(Activity) Below, find the line containing "The Spinner Skirt" and the line containing "崔静在演讲中指出,节水产业可"; reproduce exactly those two and every line between them, omitting pictures.

====== Exercise inputs

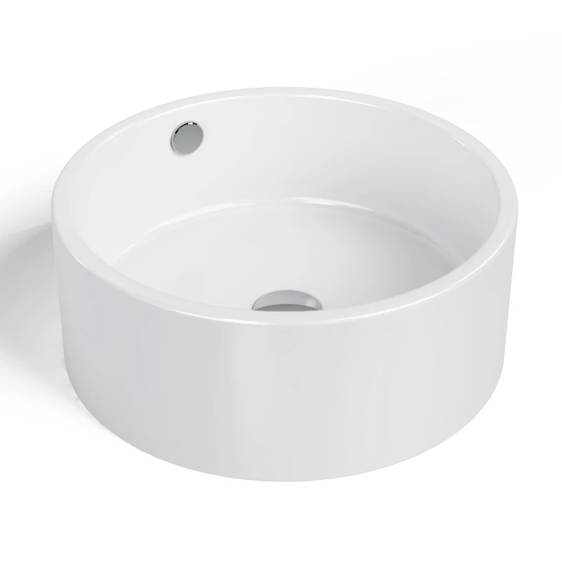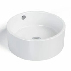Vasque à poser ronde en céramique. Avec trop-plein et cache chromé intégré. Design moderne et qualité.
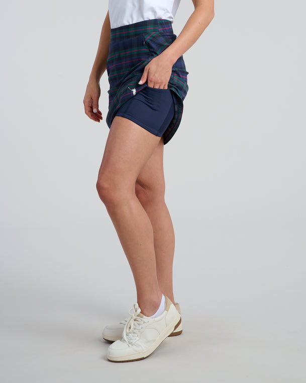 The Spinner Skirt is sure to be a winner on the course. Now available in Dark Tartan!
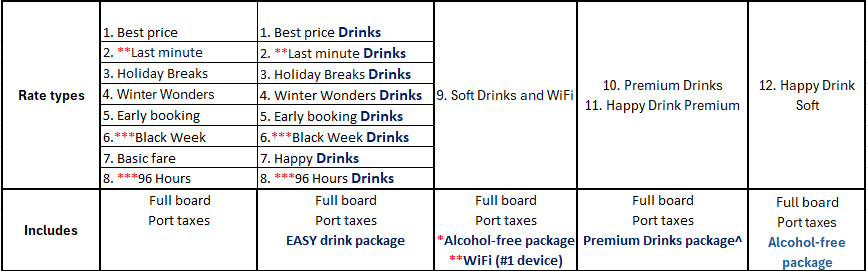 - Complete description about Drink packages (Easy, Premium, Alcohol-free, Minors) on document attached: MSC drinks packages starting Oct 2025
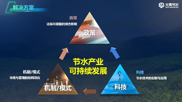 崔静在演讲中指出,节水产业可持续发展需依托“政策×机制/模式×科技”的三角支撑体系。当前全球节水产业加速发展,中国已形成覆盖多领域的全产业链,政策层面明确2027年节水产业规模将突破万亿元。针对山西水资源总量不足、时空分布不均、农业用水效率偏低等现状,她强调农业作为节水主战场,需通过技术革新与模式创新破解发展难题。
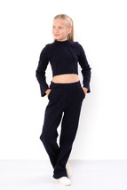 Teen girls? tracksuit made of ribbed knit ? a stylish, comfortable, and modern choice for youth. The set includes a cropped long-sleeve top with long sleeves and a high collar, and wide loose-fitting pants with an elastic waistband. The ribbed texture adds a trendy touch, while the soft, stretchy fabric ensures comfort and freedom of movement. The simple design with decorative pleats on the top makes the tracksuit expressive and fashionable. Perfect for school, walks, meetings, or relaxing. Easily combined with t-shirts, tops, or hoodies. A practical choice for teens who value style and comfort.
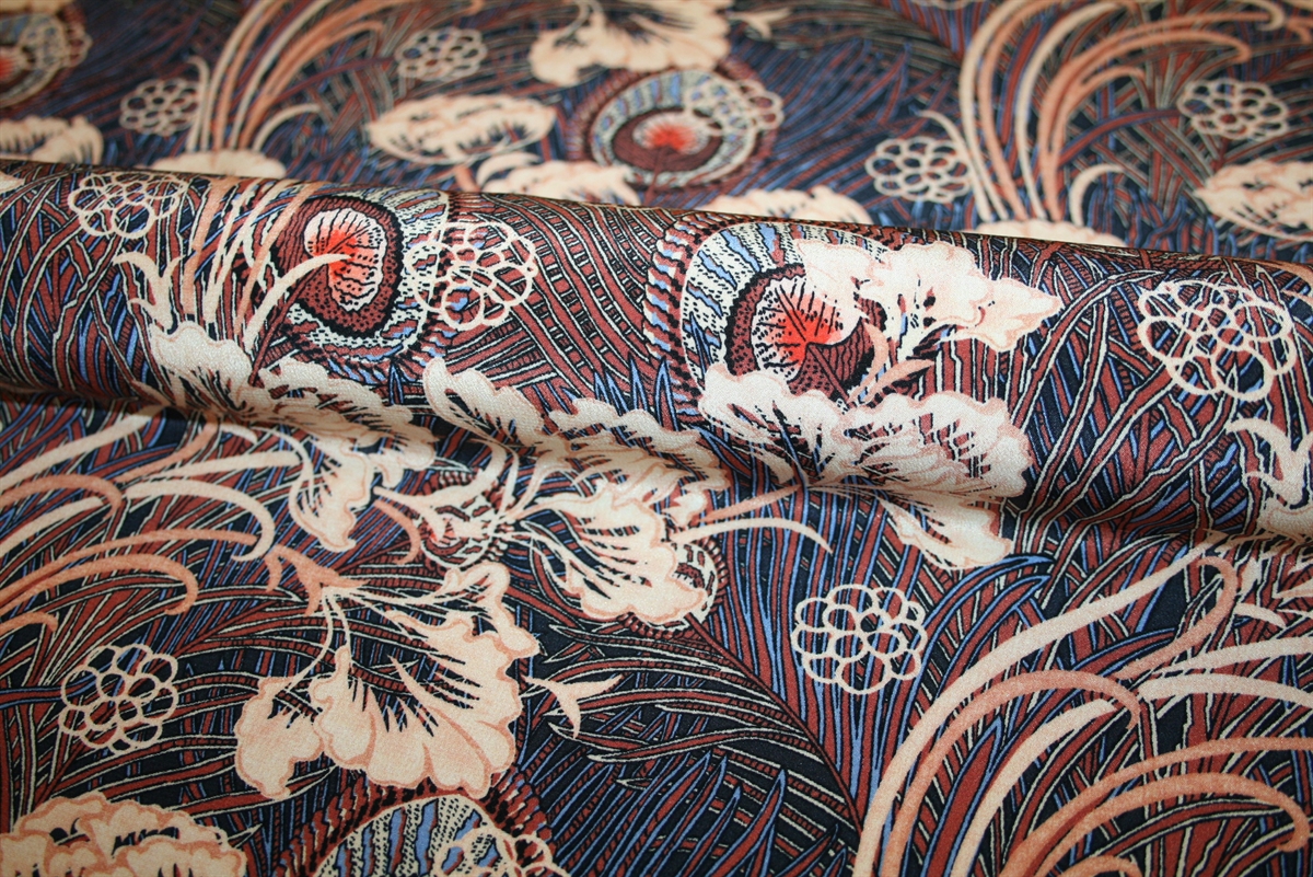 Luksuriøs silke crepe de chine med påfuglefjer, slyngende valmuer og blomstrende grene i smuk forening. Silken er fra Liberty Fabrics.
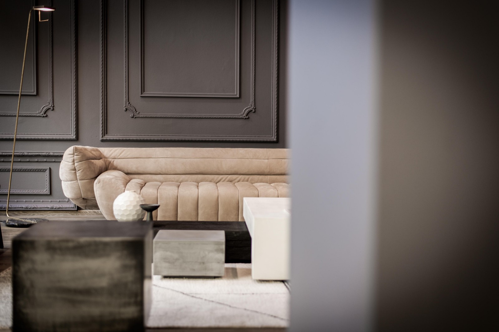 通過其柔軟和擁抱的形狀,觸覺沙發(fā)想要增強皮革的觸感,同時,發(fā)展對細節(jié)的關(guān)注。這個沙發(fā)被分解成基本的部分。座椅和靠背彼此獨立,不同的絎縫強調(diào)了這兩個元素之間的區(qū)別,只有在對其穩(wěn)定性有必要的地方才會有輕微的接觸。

============

(Solution to this problem)
 The Spinner Skirt is sure to be a winner on the course. Now available in Dark Tartan!
 - Complete description about Drink packages (Easy, Premium, Alcohol-free, Minors) on document attached: MSC drinks packages starting Oct 2025
 崔静在演讲中指出,节水产业可持续发展需依托“政策×机制/模式×科技”的三角支撑体系。当前全球节水产业加速发展,中国已形成覆盖多领域的全产业链,政策层面明确2027年节水产业规模将突破万亿元。针对山西水资源总量不足、时空分布不均、农业用水效率偏低等现状,她强调农业作为节水主战场,需通过技术革新与模式创新破解发展难题。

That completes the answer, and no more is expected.